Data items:
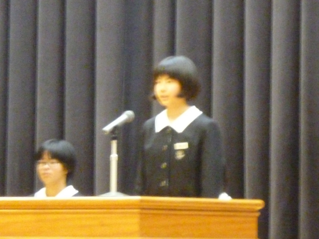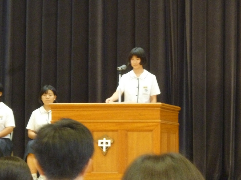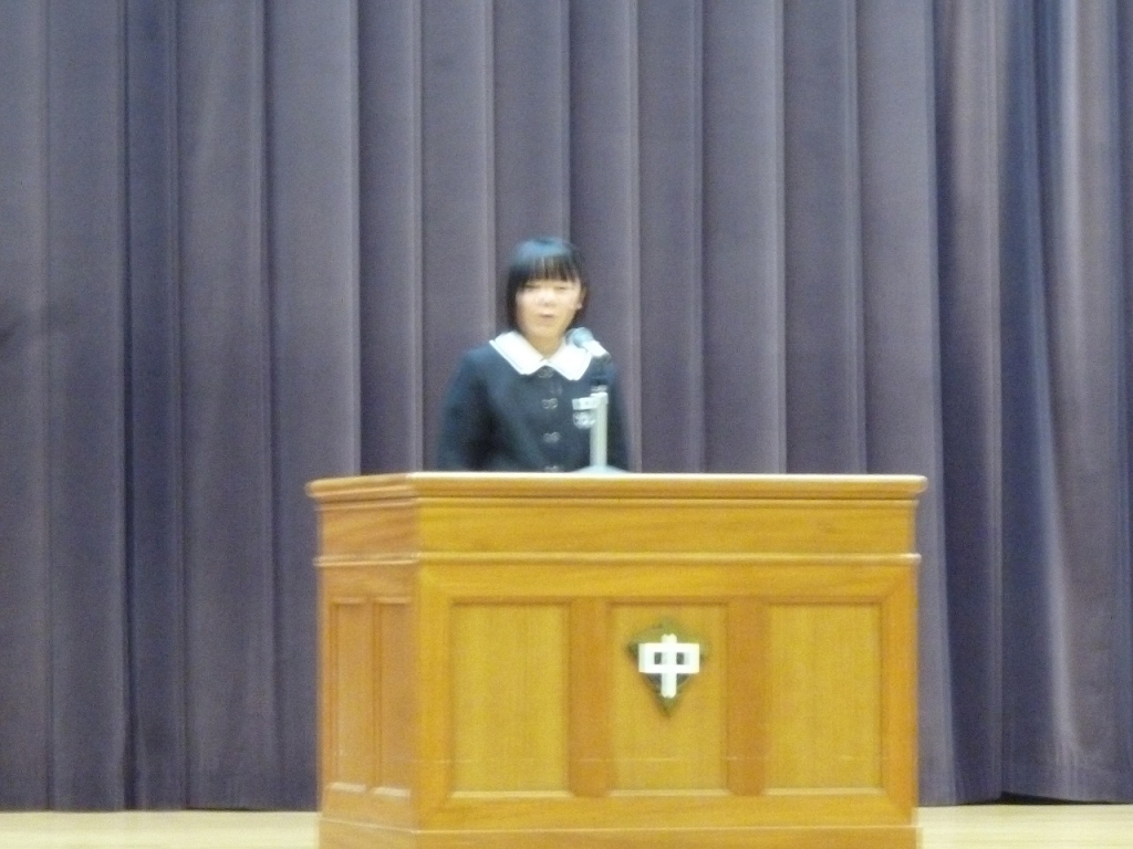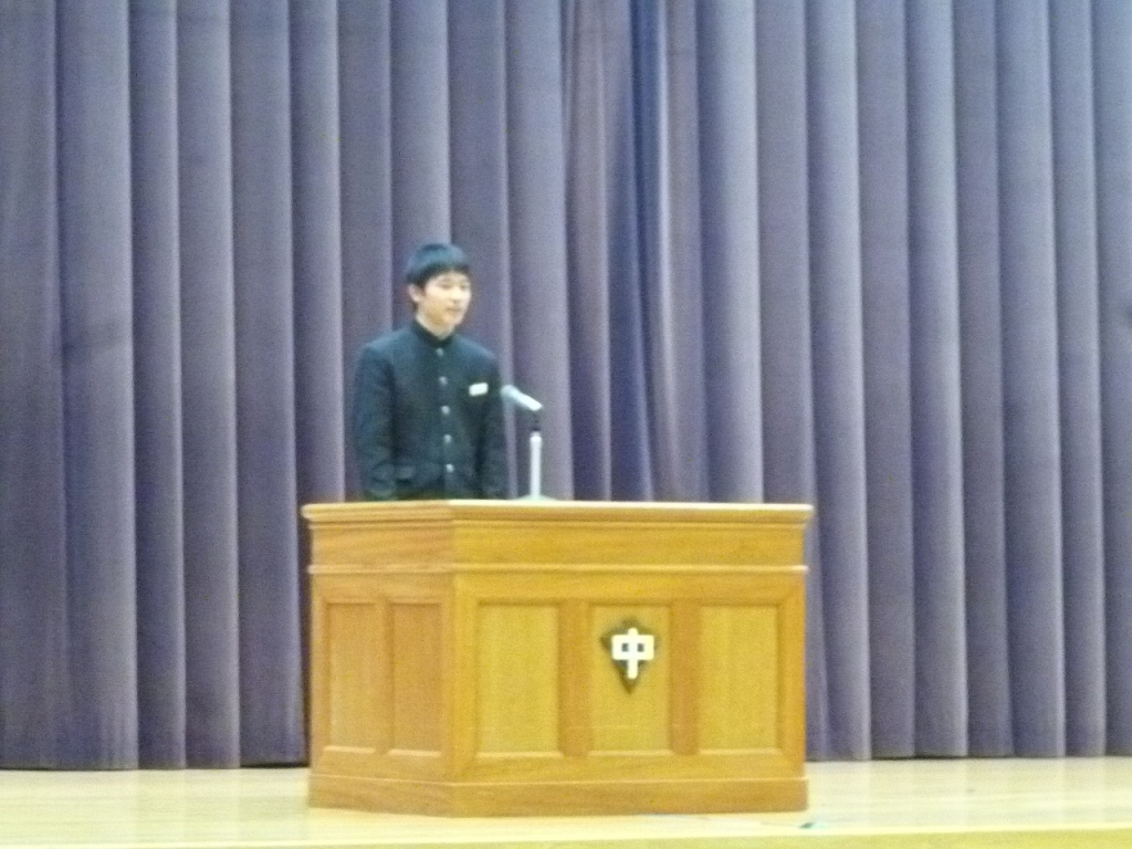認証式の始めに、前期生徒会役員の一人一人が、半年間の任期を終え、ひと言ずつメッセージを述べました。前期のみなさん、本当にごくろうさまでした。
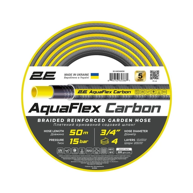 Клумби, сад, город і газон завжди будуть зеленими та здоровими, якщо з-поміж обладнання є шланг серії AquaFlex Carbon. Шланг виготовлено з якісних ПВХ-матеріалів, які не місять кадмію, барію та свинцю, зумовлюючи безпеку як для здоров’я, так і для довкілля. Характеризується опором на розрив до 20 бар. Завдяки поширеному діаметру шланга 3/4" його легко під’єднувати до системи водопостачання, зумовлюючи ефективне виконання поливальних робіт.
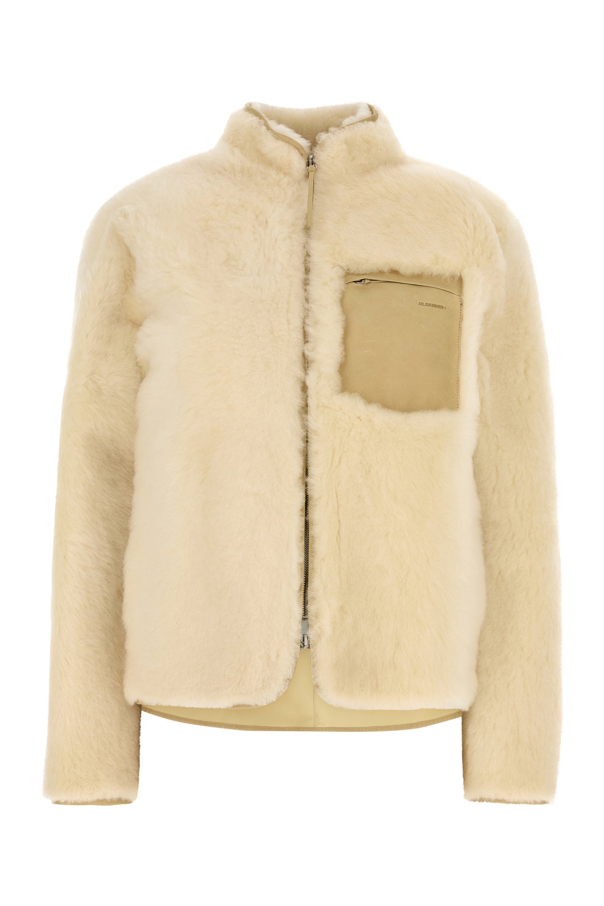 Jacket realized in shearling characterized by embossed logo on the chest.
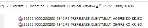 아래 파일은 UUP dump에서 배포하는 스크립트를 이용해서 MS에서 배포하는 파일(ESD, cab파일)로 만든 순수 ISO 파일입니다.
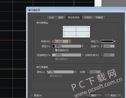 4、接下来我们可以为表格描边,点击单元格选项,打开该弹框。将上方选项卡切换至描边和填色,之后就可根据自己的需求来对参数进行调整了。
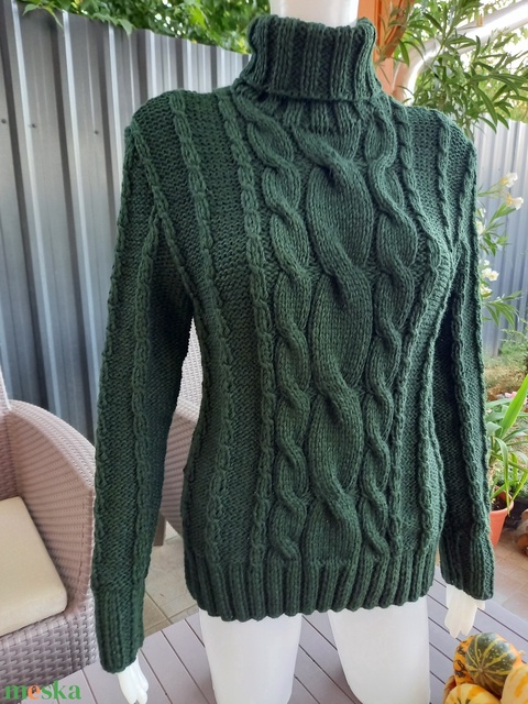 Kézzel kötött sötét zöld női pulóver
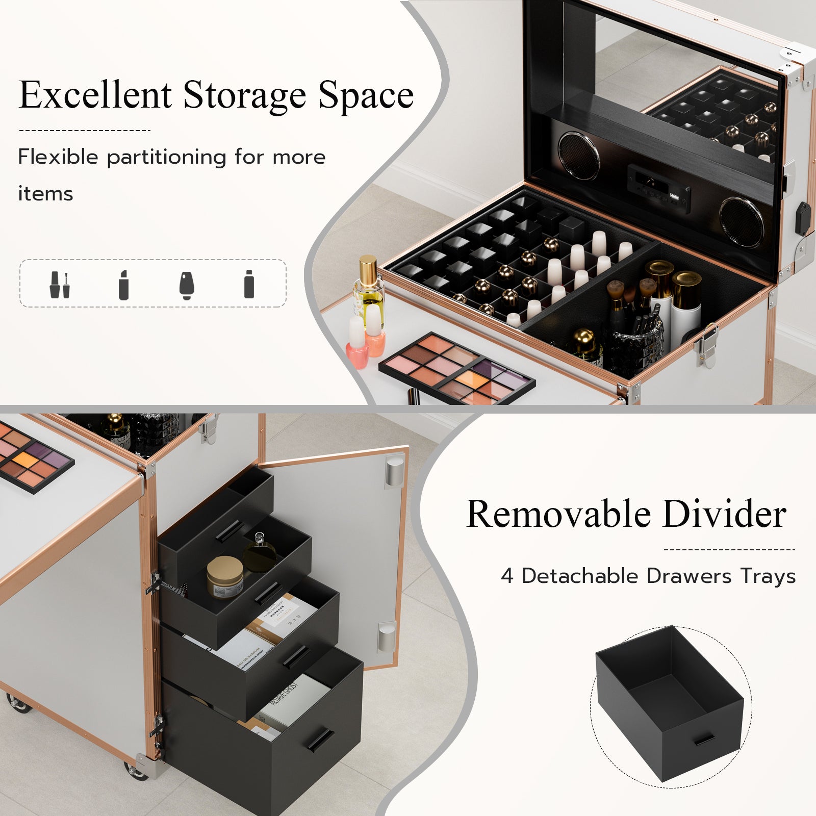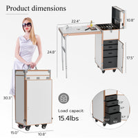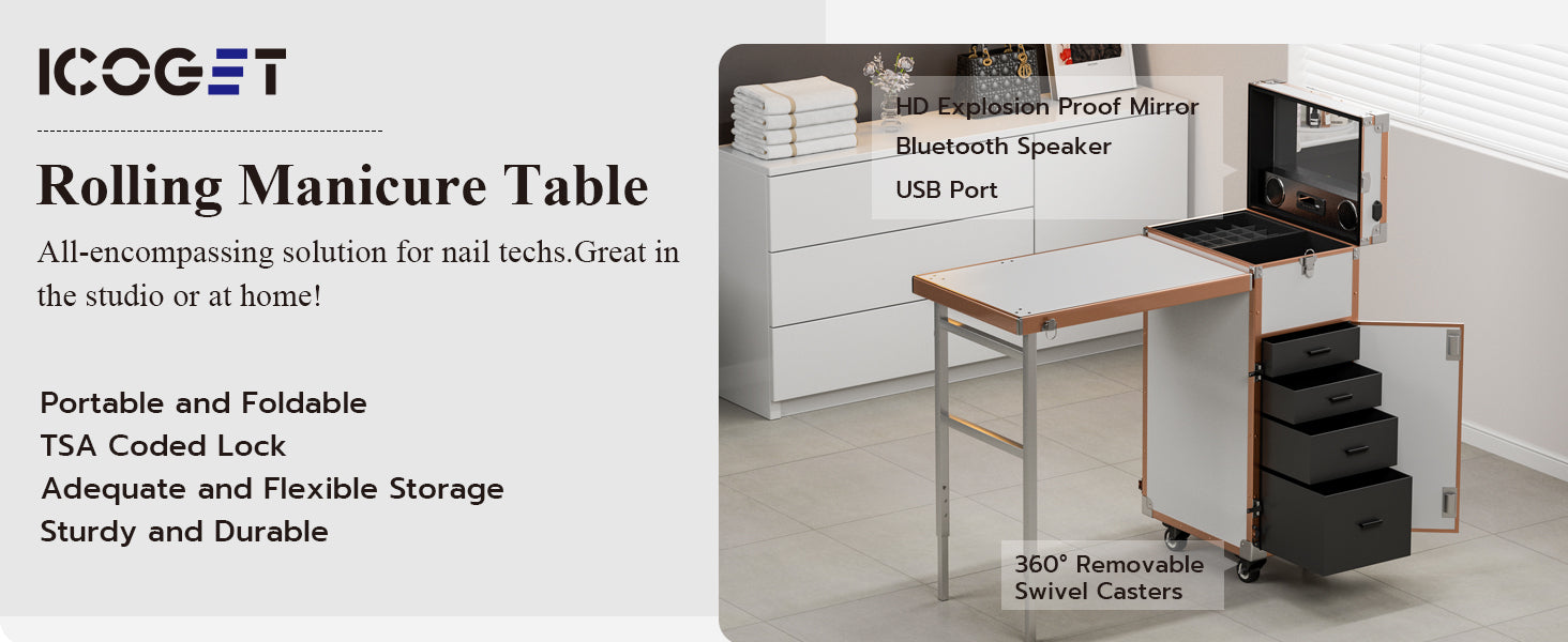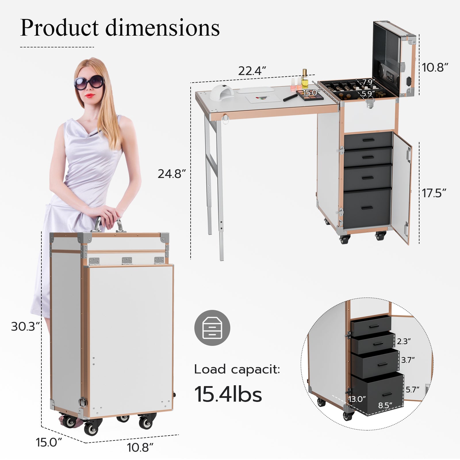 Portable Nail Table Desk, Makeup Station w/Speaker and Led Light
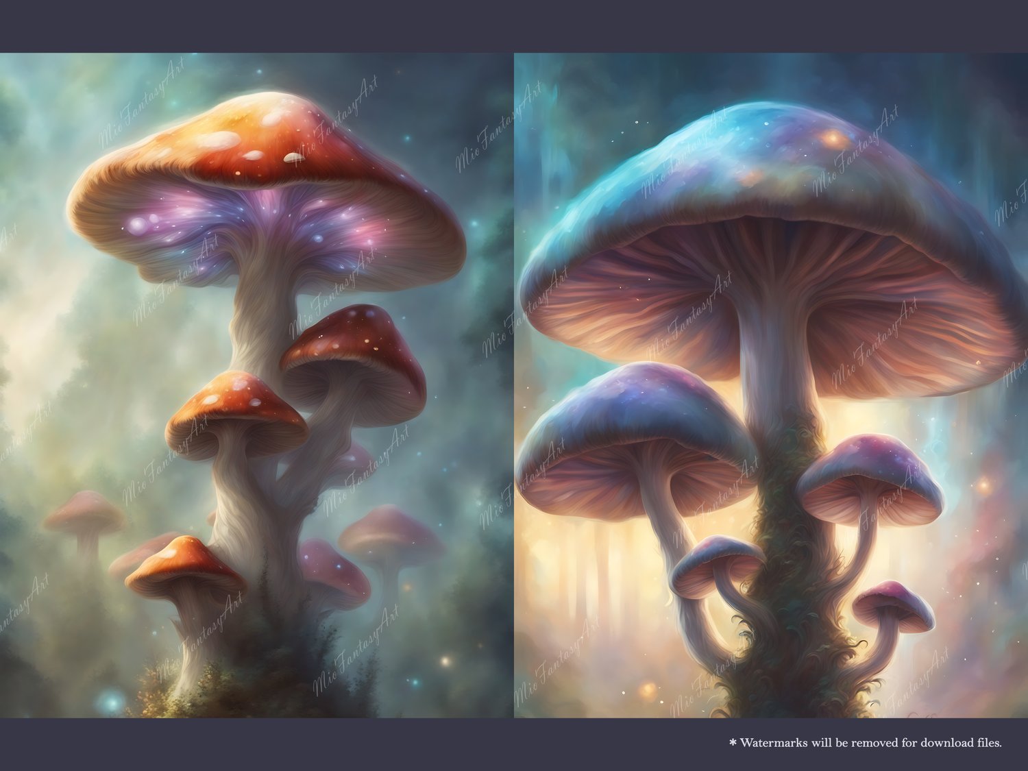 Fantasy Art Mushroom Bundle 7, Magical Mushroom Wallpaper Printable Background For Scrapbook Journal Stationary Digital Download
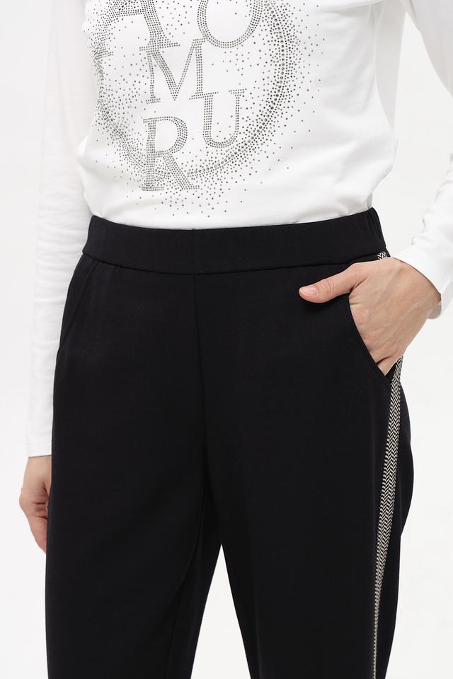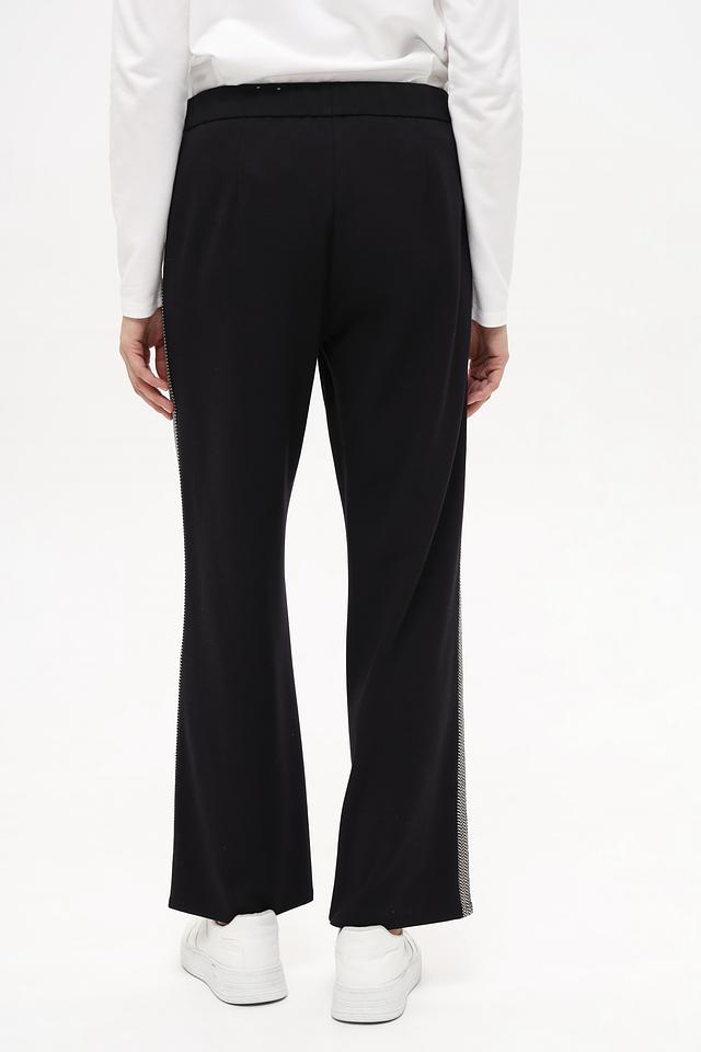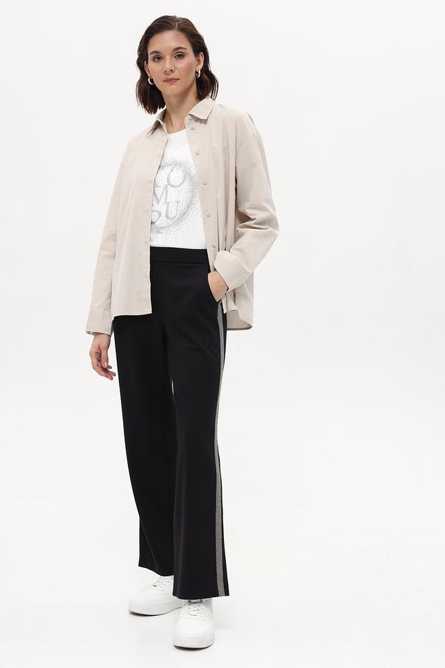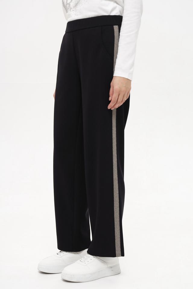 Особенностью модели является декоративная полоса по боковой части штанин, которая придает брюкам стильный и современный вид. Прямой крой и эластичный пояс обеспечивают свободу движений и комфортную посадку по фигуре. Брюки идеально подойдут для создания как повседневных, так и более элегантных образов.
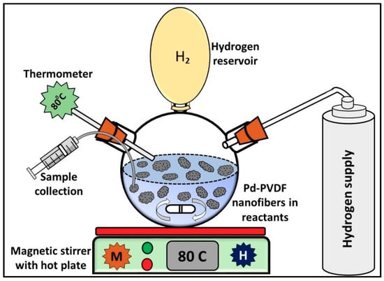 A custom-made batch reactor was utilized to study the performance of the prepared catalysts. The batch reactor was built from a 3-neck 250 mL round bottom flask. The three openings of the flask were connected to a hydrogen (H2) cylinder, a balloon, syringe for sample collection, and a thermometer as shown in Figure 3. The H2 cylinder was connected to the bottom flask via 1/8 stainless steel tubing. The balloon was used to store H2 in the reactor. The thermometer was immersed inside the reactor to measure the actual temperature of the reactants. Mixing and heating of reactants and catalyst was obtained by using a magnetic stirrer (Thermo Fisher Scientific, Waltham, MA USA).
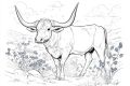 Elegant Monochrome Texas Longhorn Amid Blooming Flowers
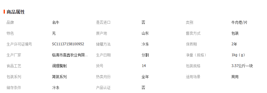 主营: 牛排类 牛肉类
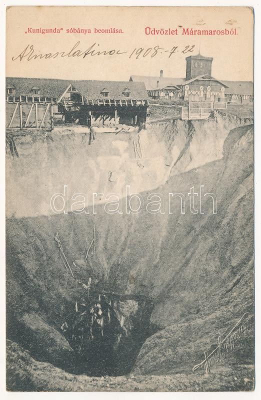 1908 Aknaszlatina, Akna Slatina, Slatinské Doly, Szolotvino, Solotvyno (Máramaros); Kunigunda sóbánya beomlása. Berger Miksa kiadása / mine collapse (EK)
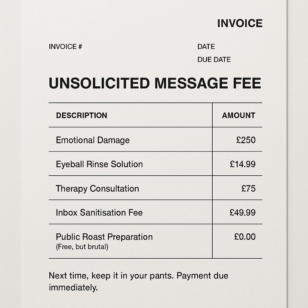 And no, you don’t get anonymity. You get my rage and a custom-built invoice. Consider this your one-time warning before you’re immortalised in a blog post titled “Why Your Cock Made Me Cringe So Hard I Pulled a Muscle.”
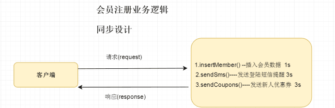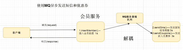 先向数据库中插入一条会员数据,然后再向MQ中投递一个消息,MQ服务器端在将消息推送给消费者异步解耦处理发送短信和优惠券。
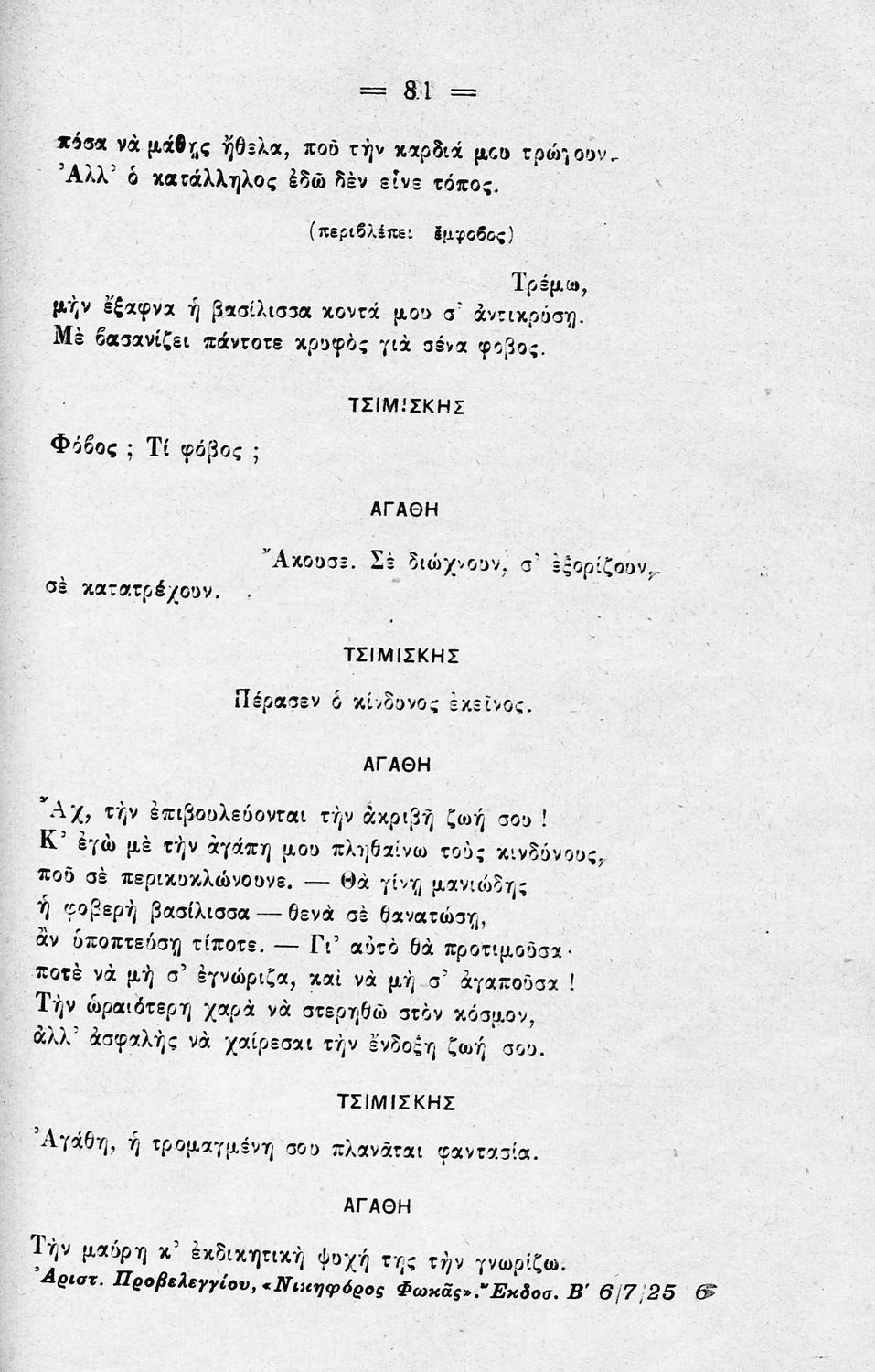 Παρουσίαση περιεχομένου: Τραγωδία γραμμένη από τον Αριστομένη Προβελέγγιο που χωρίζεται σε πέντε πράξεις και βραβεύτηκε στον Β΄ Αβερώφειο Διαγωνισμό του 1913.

■ **WHAT YOU ARE ASKED TO DO**:
Set the pictures aside and repeat only the lines from the one containing "And no, you" through the last line of the entries above, exactly as they stand.

■ **EXERCISE OUTPUT**:
 And no, you don’t get anonymity. You get my rage and a custom-built invoice. Consider this your one-time warning before you’re immortalised in a blog post titled “Why Your Cock Made Me Cringe So Hard I Pulled a Muscle.”
 先向数据库中插入一条会员数据,然后再向MQ中投递一个消息,MQ服务器端在将消息推送给消费者异步解耦处理发送短信和优惠券。
 Παρουσίαση περιεχομένου: Τραγωδία γραμμένη από τον Αριστομένη Προβελέγγιο που χωρίζεται σε πέντε πράξεις και βραβεύτηκε στον Β΄ Αβερώφειο Διαγωνισμό του 1913.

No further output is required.